Exercise brief: Only the lines below between the one holding "Thái Nguyên |" and the one holding "올해 나의 10대 뉴스", inclusive, are to be reproduced word for word; the pictures are to be left out.

Records for this task:
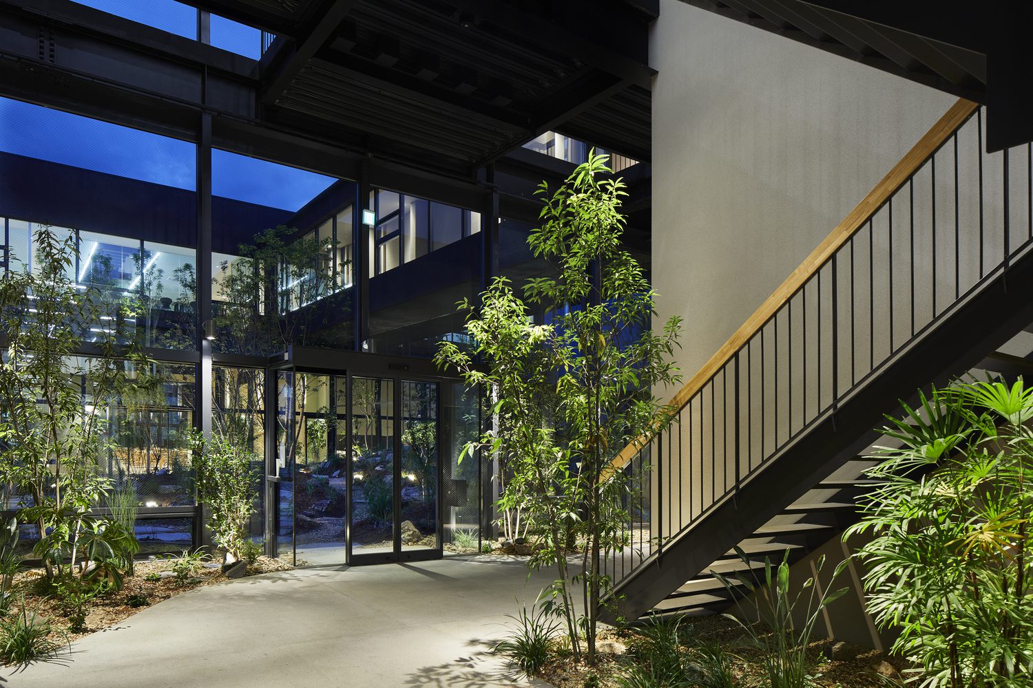 The soothing sound of water resonates throughout the building, enhanced by the greenery and water features thoughtfully distributed across the space. At the heart of the structure, a stairwell connects to a “light garden,” while strategically placed slit windows on the east and west walls promote airflow. Overhead, the skylight is fitted with a perforated aluminum shade that diffuses natural light and facilitates heat ventilation through its upper opening, ensuring a comfortable, airy environment.
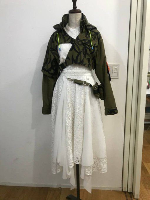 乃木坂46×荒野行動のコラボCMにて衣装製作を担当させて頂きました💐生地はオリジナルでトライバルカモをベースにNと46で迷彩柄を構成してもらいました🙏スカートは風車のように4方向に羽をつけて回った時に風を巻き込むように作りました🪡
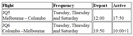 அஸ்ரேலியாவின் மலிவு விலை (low-cost) விமான சேவையான Jetstar 2026ம் ஆண்டு ஆகஸ்ட் மாதம் 25ம் திகதி முதல் அஸ்ரேலியாவின் மெல்பேர்ன் (Melbourne) நகருக்கும் கொழும்புக்கும் இடையில் கிழமைக்கு 3 நேரடி விமான சேவையை ஆரம்பிக்க உள்ளது.
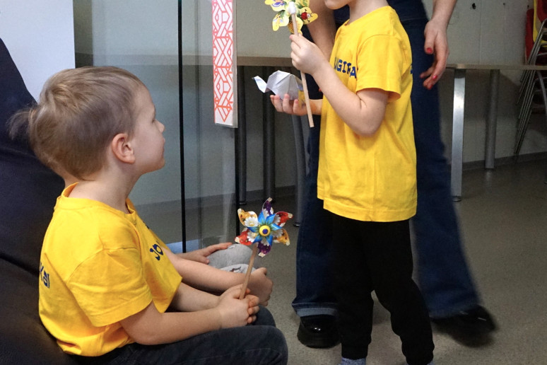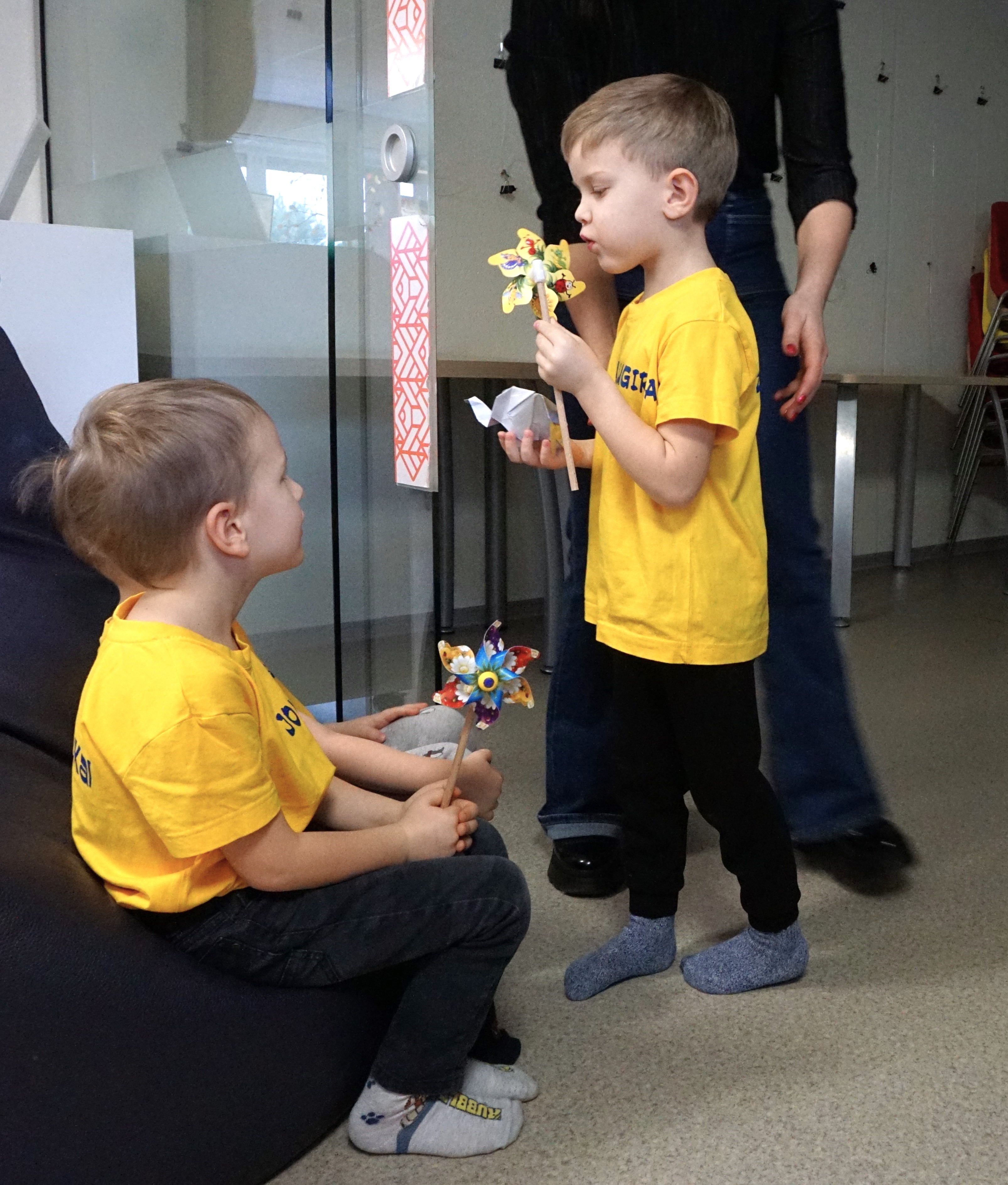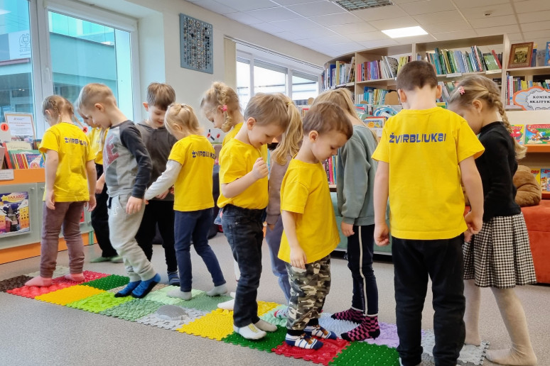 Skaitymams pasibaigus, mažieji bibliotekos svečiai visai neskubėjo išeiti: smalsiai apžiūrėjo Vaikų centre esančias knygeles ir, lyg pratęsdami sensorinio pasaulio pažinimo rytmetį, pasivaikščiojo pojūčių taku.
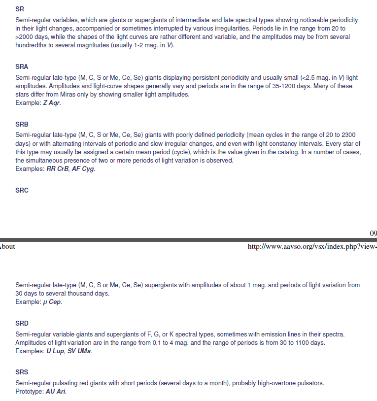 De klasser som är mest aktuella i vårt projekt är de som framgår av skärmklippen nedan (från ovan länkade dokument). Lägg märke till den relativt nya klassen SRS (AU Arietis-variabler) som är röda pulserande jättar med kort halvregelbunden period, mellan några dygn och ca 30 dygn.
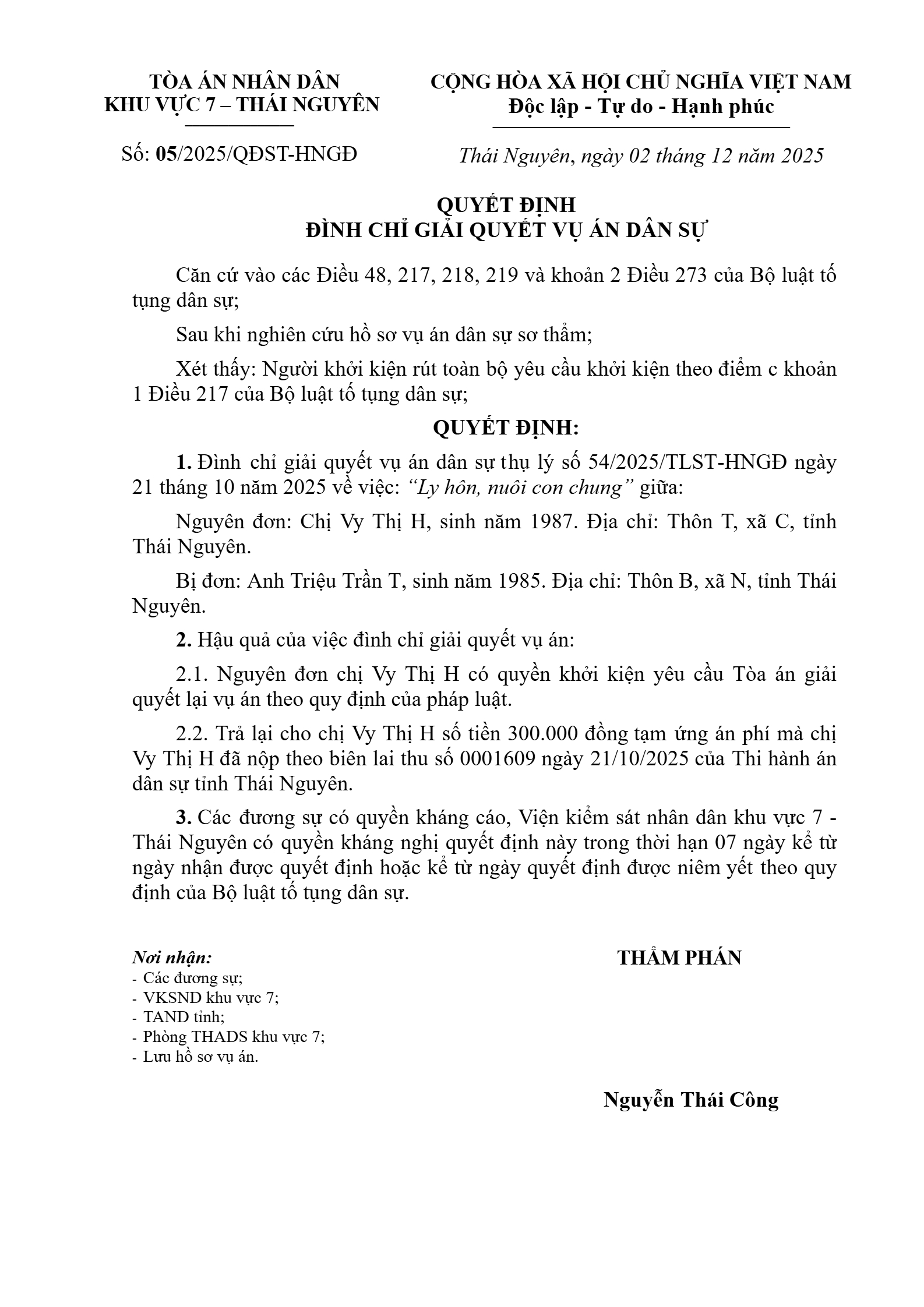 | Tòa án xét xử: | Tòa án nhân dân khu vực 7 - Thái Nguyên, tỉnh Thái Nguyên |
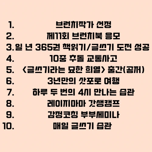 올해 나의 10대 뉴스 키워드 중 가장 핵심인 뉴스로 매일의 글쓰기 습관 때문에 많은 삶의 변화가 일어났다. 새벽 기상부터 책 읽기, 필사 등 글쓰기를 하기 위해 나만의 시간을 확보하고 글감을 얻기 위해 책을 읽으며 작가의 문장과 생각을 훔치면서 나는 점점 그들을 닮아가고 있다. 아직 1년밖에 하지 않았지만, 평생의 습관으로 만들기 위해 매일의 노력을 다할 것이다.
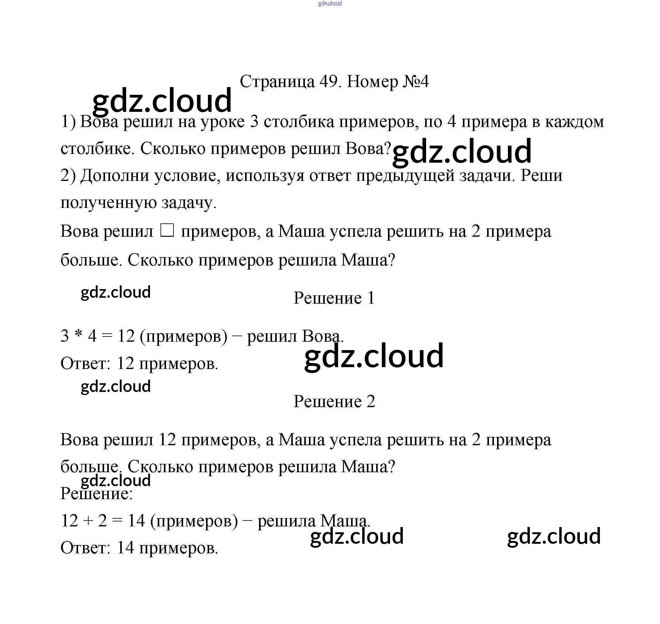 Страницы 49-50 Ответы к части 1 по Математике 2 класс Учебник Дорофеев Перспектива Часть 1, 2 Просвещение
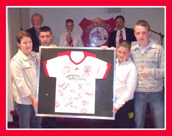 The Telfer Family accepted a signed Glenafton Athletic top with Sammy Telfer’s name embroidered round the club badge. Sammy a life-long Glens’ supporter passed away recently.
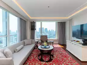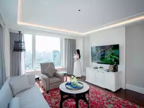 Today, the two of us came to relax at Sofitel Bangkok Sukhumvit. It has been renovated but still maintains the beautiful luxury style according to the standards of a 5-star hotel. The room we stayed in today was the Prestige Suite. The room is quite spacious, 85 square meters, with a clear separation between the living room and the bedroom. The design combines luxurious French style with the gracefulness of Thai patterns. It is very beautiful.
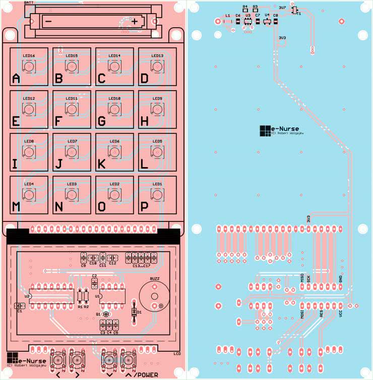 Schemat płytki PCB naszego urządzenia pokazano na rysunku 5. Jak widać, zaprojektowano bardzo zgrabną, dwustronną płytkę drukowaną ze zdecydowaną przewagą elementów THT montowanych po obu stronach laminatu (po stronie BOTTOM montowane są wyłącznie elementy SMD). Montaż urządzenia rozpoczynamy od warstwy BOTTOM, gdzie w pierwszej kolejności montujemy półprzewodniki, zaś w kolejnym kroku elementy bierne. W tym momencie przechodzimy na warstwę TOP, gdzie, podobnie jak poprzednio, w pierwszej kolejności montujemy diody LED RGB, następnie pozostałe elementy półprzewodnikowe (z wyłączeniem wyświetlacza), a na końcu elementy bierne (z wyłączeniem buzzera piezoelektrycznego) oraz elementy mechaniczne w postaci koszyczka baterii AAA czy przycisków funkcyjnych. Na koniec, do tak przygotowanego obwodu drukowanego, montujemy wyświetlacz LCD, lutując jego wyprowadzenia w przeznaczone do tego celu punkty lutownicze, co zapewni mu zarówno niezbędne połączenia elektryczne, jak i pożądaną stabilizację mechaniczną.
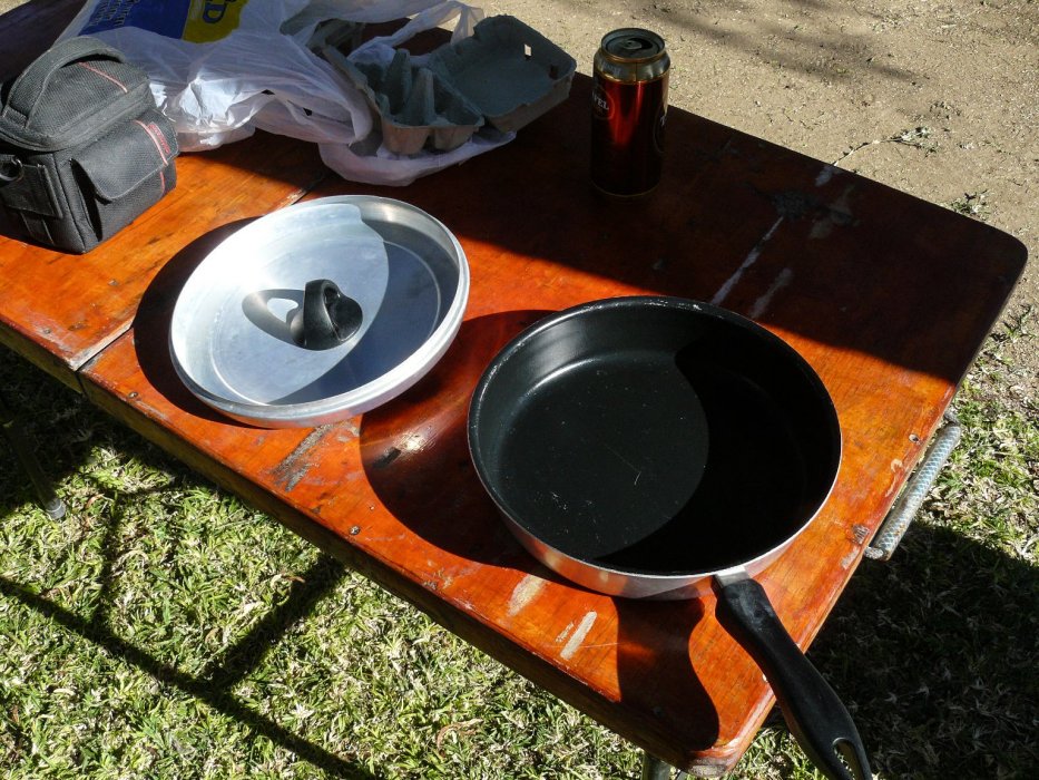| Auch die mitgebrachte Teflon-Pfanne aus Erlangen leistet immer gute Dienste. |
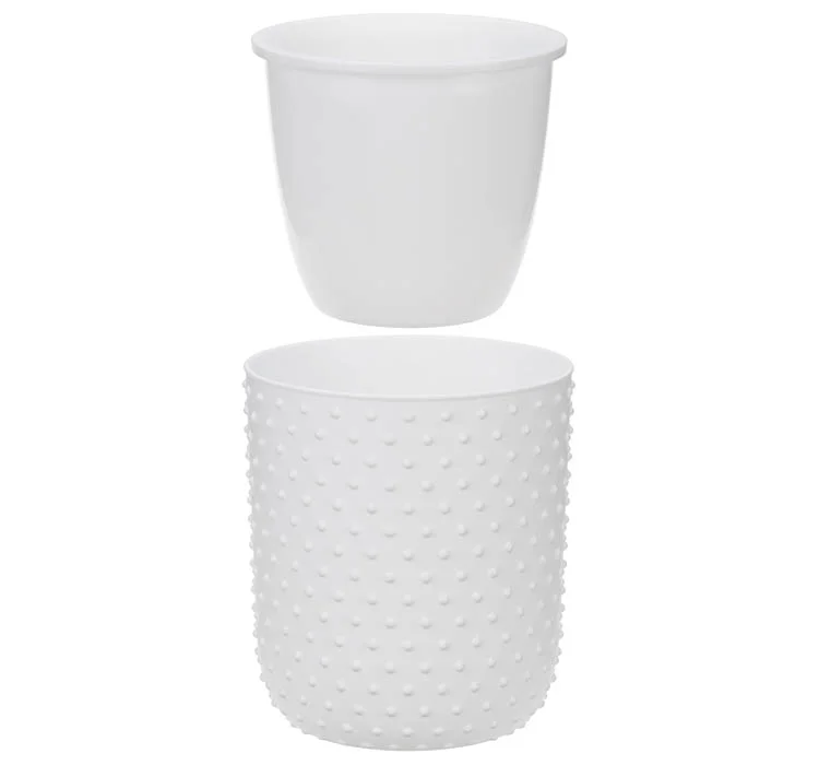 Особый характер кашпо придают выпуклые точки, расположенные в шахматном порядке. Эти «пузырьки» создают объемный 3D–эффект, играя со светом и тенями.
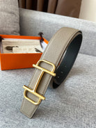 3.8CM BELT H REVERSIBLE BLACK GREY LEATHER

Answer for this exercise:
 | Tòa án xét xử: | Tòa án nhân dân khu vực 7 - Thái Nguyên, tỉnh Thái Nguyên |
 올해 나의 10대 뉴스 키워드 중 가장 핵심인 뉴스로 매일의 글쓰기 습관 때문에 많은 삶의 변화가 일어났다. 새벽 기상부터 책 읽기, 필사 등 글쓰기를 하기 위해 나만의 시간을 확보하고 글감을 얻기 위해 책을 읽으며 작가의 문장과 생각을 훔치면서 나는 점점 그들을 닮아가고 있다. 아직 1년밖에 하지 않았지만, 평생의 습관으로 만들기 위해 매일의 노력을 다할 것이다.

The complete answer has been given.